Люба прикусила язычок, кляня свою несдержанность. И как теперь ей выкручиваться?
– Понимаете, я по своей глупости дала Васе надежду, а потом… её забрала.
– Ничего не понял.
– Ну, – Люба с трудом подыскивала слова, – я ему сказала, что… выйду за него замуж, а потом… передумала. Вот. И он, конечно, теперь переживает из-за моей легкомысленности.
– Я никогда не считал тебя легкомысленной!
– Я тоже. Но так уж получилось, и ничего теперь с этим нельзя поделать. Поэтому Вася страдает, а я мучаюсь из-за того, что невольно его… подвела.
– Ты ведь не любишь его как мужчину, Люба. Ведь так?
– Вы правы, – не сразу ответила она, понимая, что следом за этим вопросом последует и другой. Разбивающий в пух и прах её враньё.
– Зачем тогда соглашалась на замужество?
– Из жалости, – быстро сказала она. – А потом одумалась и сказала «нет».
– Я тебе не верю. Ты не могла пойти на такой шаг из жалости, зная совершенно точно, что нет любви. Не такой у тебя характер, уж я-то тебя изучил, как никто другой! Нет, не сходится, Люба. Ты сейчас наводишь тень на плетень, но вот зачем ты это делаешь?
– Ничего я не навожу!
– И раньше ты никогда не врала! А сейчас что ни слово, то женское лукавство! – Он вздрогнул от собственных слов и, нахмурившись, вгляделся в Любино лицо. Она покраснела, но глаз не отвела. – Вот оно что! – выдохнул Артём Петрович. – Как же я сразу не догадался, старый болван? Ты влюбилась, Люба!

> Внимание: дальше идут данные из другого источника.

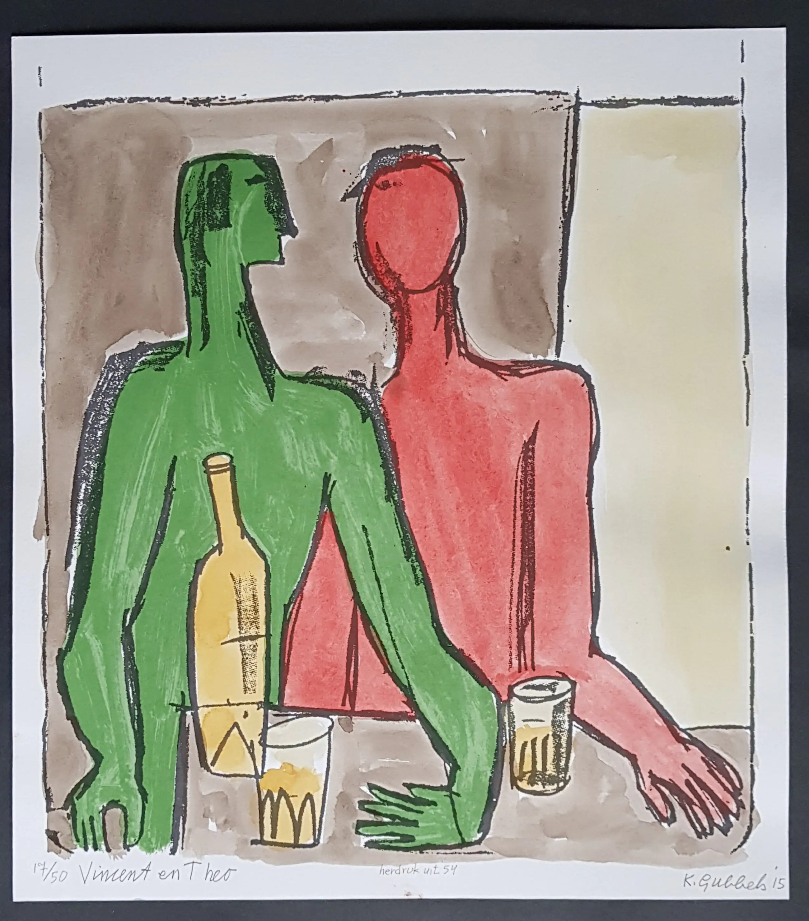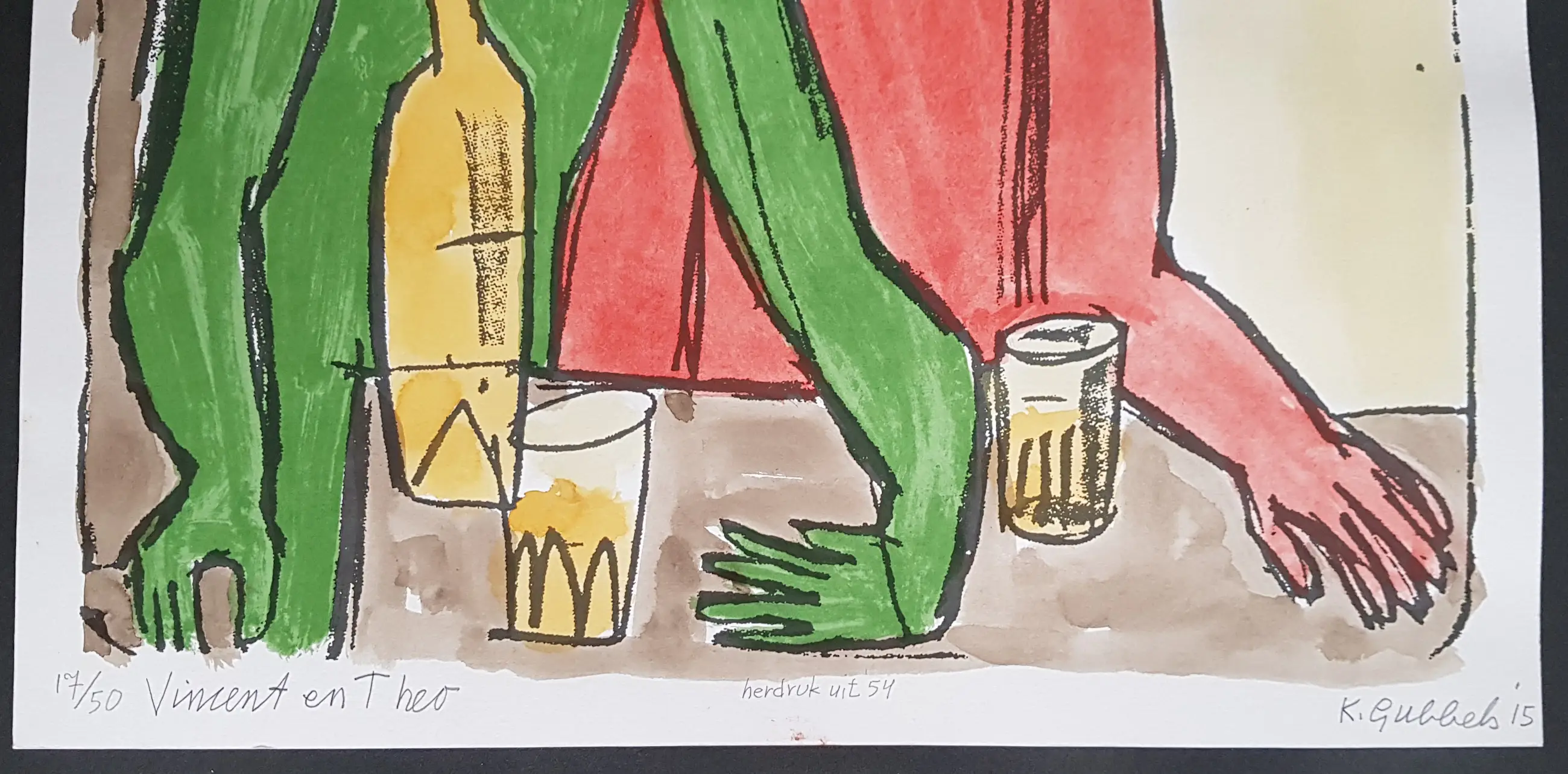 Zeefdruk herdruk van 1954 en door klaas gubbels zelf ingekleurd

– Что?! – она вспыхнула и даже хотела выдернуть свою руку, но мужская хватка оказалась крепкой, как якорная цепь.
– Что слышала, голуба моя! Ты влюбилась! И человек, который забрал твоё сердечко, вовсе не Васька! Но парень наш, видать, попался под горячую руку, а после ты и опомнилась. Что, Люба, прав я? Умею я два и два складывать? Хотя тут, скорее, треугольник получается. Любовный!
– Никудышный из вас математик, Артём Петрович! – Люба упрямо вскинула подбородок, однако губы её задрожали.
– Согласен, совсем никудышный, – мягко сказал Шилов, – а психолог и вовсе никакой. Не разглядел, что девочка-то моя выросла…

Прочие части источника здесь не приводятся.